You can simply add regular CSS here as you want. See CSS Properties on the Prince XML site for supported properties.

Change the PDF’s Headers or Footers

  1. Follow the instructions in the previous section, Change the PDF Styles.
  2. In your PDF configuration file (e.g., _config_pdf_jekyllhowto.yml), in the defaults section, add a class as a default to your /_docs and pages. For example:

    defaults:
      -
        scope:
          path: ""
          type: pages
        values:
          layout: printpdf
          class: myclass
      -
        scope:
          path: ""
          type: docs
        values:
          layout: printpdf
          class: myclass
    

    This will add a default class property and value to your page’s frontmatter, like this:

    ---
    class: myclass
    ---
    
  3. Open the user_defined_pdf_styles.css file and define the style like this:

    body.myclass { page: myclass }
    @page myclass {
        @top-left {
            content: " ";
        }
        @top-right {
            content: prince-script(datestamp);
        }
        @bottom-right {
            content: counter(page, lower-roman);
        }
        @bottom-left {
            content: prince-script(guideName);
            font-size: 11px;
        }
    }
    

    See the Page Selectors topic in the Prince XML documentation for more details.

    The datestamp and guideName functions are special Prince functions defined in the printpdf.html layout (packaged in the assets/pdf folder of the gem). Other JavaScript generated content is also possible. See the Prince XML site for details.

Troubleshooting

If you see an error that Prince can’t load an input file, it means one of the files in the list is incorrectly named. For example, you might see this error after running your . build_pdf_jekyllhowto.sh command:

prince: /Users/tomjoht/projects/myapp/_site/jekyllhowto-minitoc-getting-started.html: error: can't open input file: No such file or directory

If you see this error, look to make sure the file appears in the _site directory and is properly named. Check the permalink name of the file as well as its name in the sidebar menu file (e.g., _data/jekyllhowto.yml).

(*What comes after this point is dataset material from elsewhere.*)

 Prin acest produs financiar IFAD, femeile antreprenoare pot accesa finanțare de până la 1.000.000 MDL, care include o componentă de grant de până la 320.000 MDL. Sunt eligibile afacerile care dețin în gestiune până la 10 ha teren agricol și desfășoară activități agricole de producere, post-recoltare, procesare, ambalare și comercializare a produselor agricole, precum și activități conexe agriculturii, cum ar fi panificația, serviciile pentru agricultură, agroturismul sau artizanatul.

You might also get errors if you have JavaScript or non-allowed CSS syntax in your content.

Analyzing the Output

Look at the PDF. Check the display of your tables, images, code samples, and other formatting. Look at the running header and footer, as well as the title page, table of contents, and mini-TOC pages. Does it all look good? If so, great.

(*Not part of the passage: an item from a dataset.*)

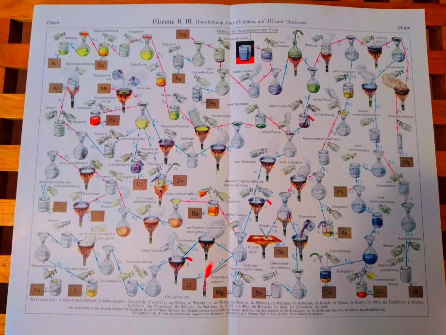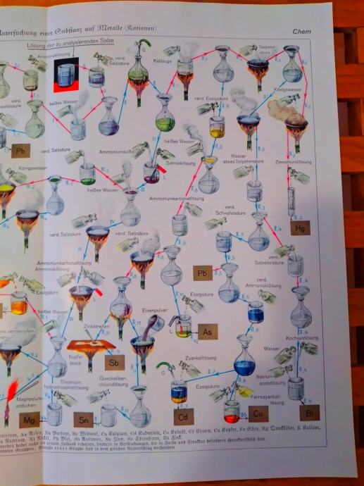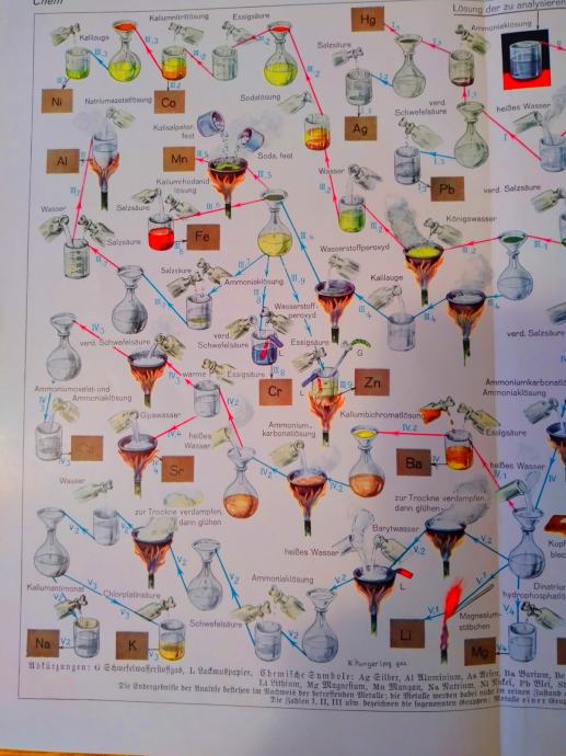 STARA LITOGRAFSKA PLOČA KEMIJA ISPITIVANJE TVARI NA METALE KATIONE

If you need to conditionalize some content so that it doesn’t appear in the guide, you can use an if condition like this:


{% unless site.format == "pdf" %}
This won't appear in the guide....
{% endunless %}

unless acts like a negative. You would read the above like this: Run this code unless site.format equals pdf.

You can also conditionalize your content using this syntax:


{% if site.format == "web" %}
This won't appear in the guide....
{% endif %}

The configuration file for the Jekyll and Hippo outputs contains format: web. The configuration file for PDFs contains format: pdf.